The trio in Wrath of the Ninja goes up against Nobunaga’s demon officers, including a spider monster that blows up heads Scanners-style, and the very creepy, very terrifying Kagami, who brings the dead to life by crying. Every character has a signature weapon and fighting style, making them easily distinctive from one another and giving the feel that the heroes are clearing levels in a video game. It’s basic, it’s formulaic, but it’s also good old-fashioned fun, and for the most part, it works.
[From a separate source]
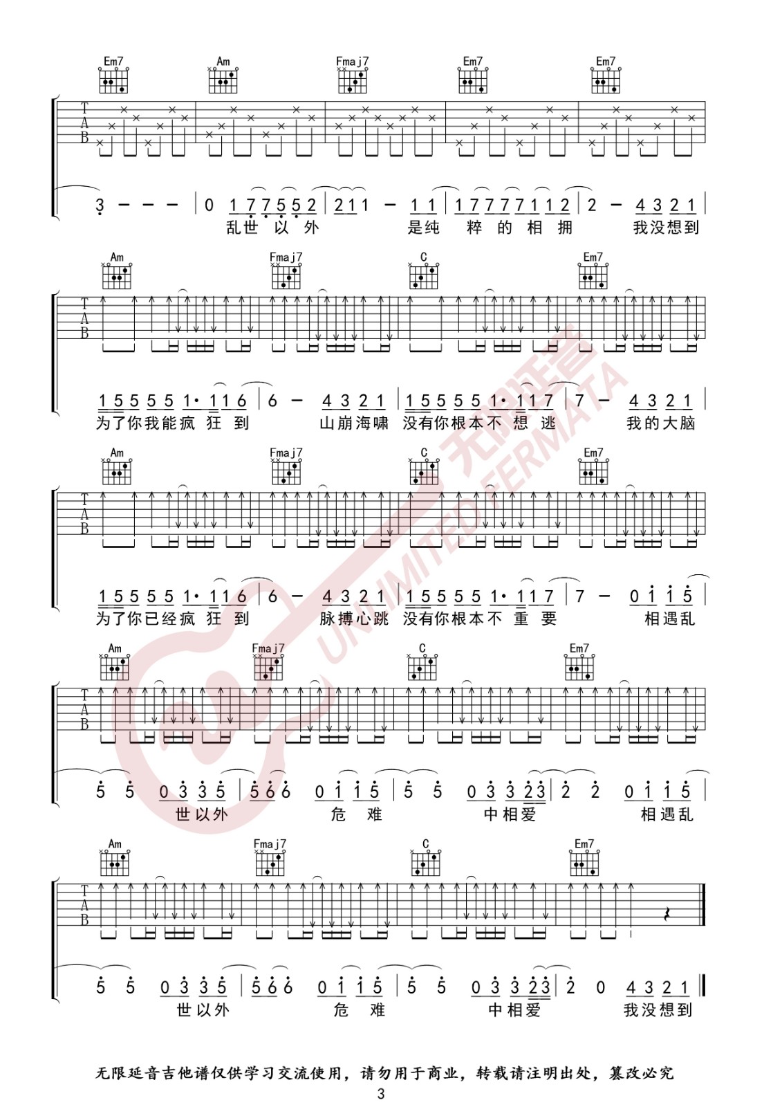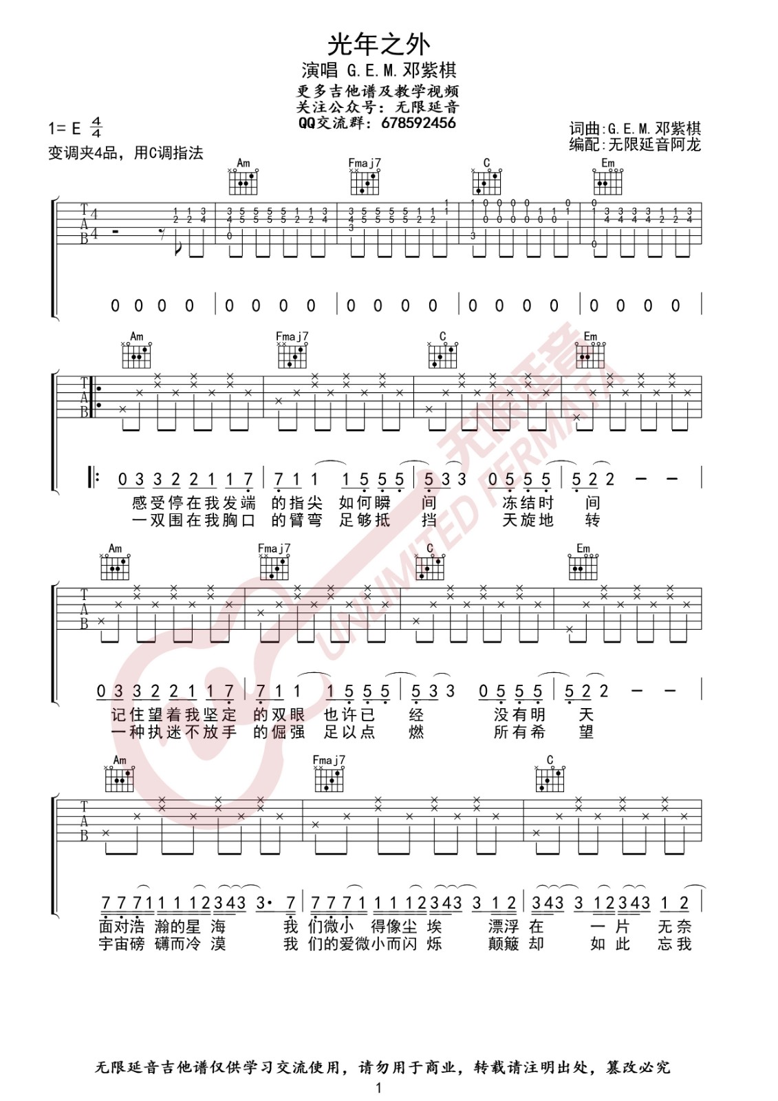 曲谱介绍: 邓紫棋《光年之外》吉他弹唱谱,采用C调指法编配,无限延音编配出品,共有3张高清图谱。

None of the characters are particularly deep, but they don’t have to be; you get a few snippets of personality, from “calm,” “rushes in,” to “emotional.” And that’s all you really need because, again, you’re here for the combat, which doesn’t hold up compared to modern battle Shonen like Bleach or Naruto, but it gets right to the good parts.

No Deep Thought Required

I watched Wrath of the Ninja recently after finding the highly stylized Golgo 13: The Professional, another 80s anime movie. The latter has a more distinct animation style, but the former is ideal for getting together with fellow anime nerds and shouting at the screen. There’s blood, betrayals, and less-than-shocking deaths, so it’s an 80s B-movie that happens to be animated.

A Part Of Anime History


At the end of the day, I can only recommend Wrath of the Ninja if you’re like me and want to fill in historical gaps in your anime knowledge or, ideally, if you have a group of people who want to shut off your brains and watch something that’s simple, but crowd-pleasing. If you want a ninja anime, Ninja Scroll came out a few years later and is far superior, while the recent modern anime, Ninja Kamui, is exceptional.

All that said, just as schlocky 80s action films have their place, so too does Wrath of the Ninja, which is available to watch through Video On Demand on Amazon Prime.